Al refugee camp di Al’Aza di spazi verdi non ce ne sono, solo il grigio dell’asfalto, quello dei muri di case tutte uguali e l’azzurro, lontanissimo, oltre il muro di otto metri che circonda Betlemme. Un grigio reso ancora più cupo dal tormento del ritorno. Qui tutti i 1500 rifugiati sognano Beit Jibrin, il paese delle loro origini, anche se la maggior parte di chi vi è nato è ormai morta. Dai tempi della nakba, la “catatrofe” del 1948, Beit Jibrin è nella bocca e nelle preghiere di tutti. Da ormai quattro generazioni il pensiero della terra dei padri dei propri padri è diventato un chiodo fisso, un assillo, un sogno da seguire con determinazione. “In tutta la mia vita non ho mai visto il mio villaggio, ma so che questa non è casa mia”, dice Mohanned Al Azzah parlando del campo profughi. Per far divertire i bambini di Al’Aza in mezzo alla natura, lui – fondatore del centro culturale Handala – organizza ogni estate campi estivi dove i bambini dimenticano per qualche settimana la realtà tetra del campo profughi, alternando i giochi, alle recite e alle lezioni di musica.

L’idea di “Palestina per principianti” nasce quando i Lou del Bello’s entrano in contatto con la possibilità di volare fino in Palestina per animare questo campo estivo. “Il progetto inizialmente era quello di andare al campo profughi di Al’Aza a insegnare musica ai bambini. Un progetto sociale prima che musicale. E visto che io di lavoro faccio il film maker, abbiamo subito pensato di provare a raccontare il nostro viaggio con un documentario”.

Così racconta Francesco Merini – autore, oltre che regista del film, insieme a Jacopo Bonvicini e Emilio Distretti, anche loro membri della band. “Avevamo le idee chiare sin dall’inizio. Abbiamo pensato alla complessità del tema, difficile da conoscere, anche perché la maggior parte dei documentari che avevamo visto ci erano sembrati troppo militanti, troppo già dentro la questione. Per questo abbiamo pensato di partire da uno sguardo semplice, da principianti, appunto, e raccontare la storia dal nostro punto di vista. L’abbiamo impostata provando ad usare molta leggerezza, un po’ come fosse una commedia – consapevoli che sarebbe stata una commedia amara, vista la drammaticità del tema – e concentrandoci maggiormente sugli aspetti umani, anche perché solitamente, quando si parla di Palestina, si finisce per parlare di violenza”.

E l’umanità, nonostante tutto, trasuda da ogni frammento di questo documentario, in cui le voci si moltiplicano grazie agli incontri con la giovane Mirna e i racconti di sua nonna Um Yunis, Naji “il Baffo” e il suo orgoglio palestinese, Maher che non sa come nascondere ai figli la sua paura di finire come la signora Um Kamel che, da quando è stata costretta a lasciare la sua casa, vive in una tenda continuamente sotto attacco.

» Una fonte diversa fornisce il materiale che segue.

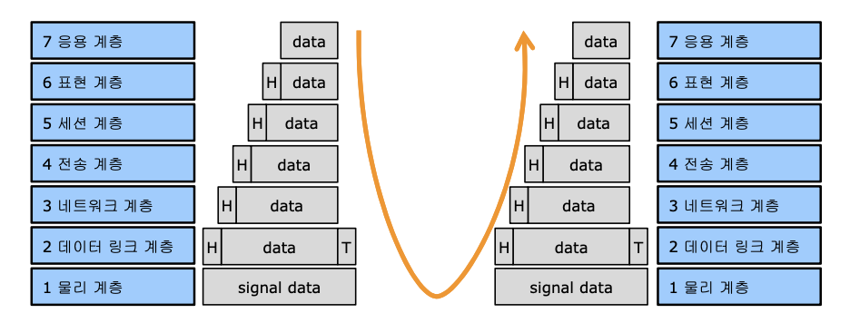 - 최상위 계층(7계층)에서 발생한 데이터를 하위 계층으로 차례로 전달

“Quando siamo arrivati, siamo stati accolti molto calorosamente”, spiega Merini. “I palestinesi sanno che la prospettiva israeliana è molto più forte, almeno da un punto di vista mediatico e quindi hanno voglia di far conoscere le loro storie e il loro punto di vista. Ovunque si va si trova una grande apertura e voglia di raccontarsi: un’esuberanza vera e travolgente”.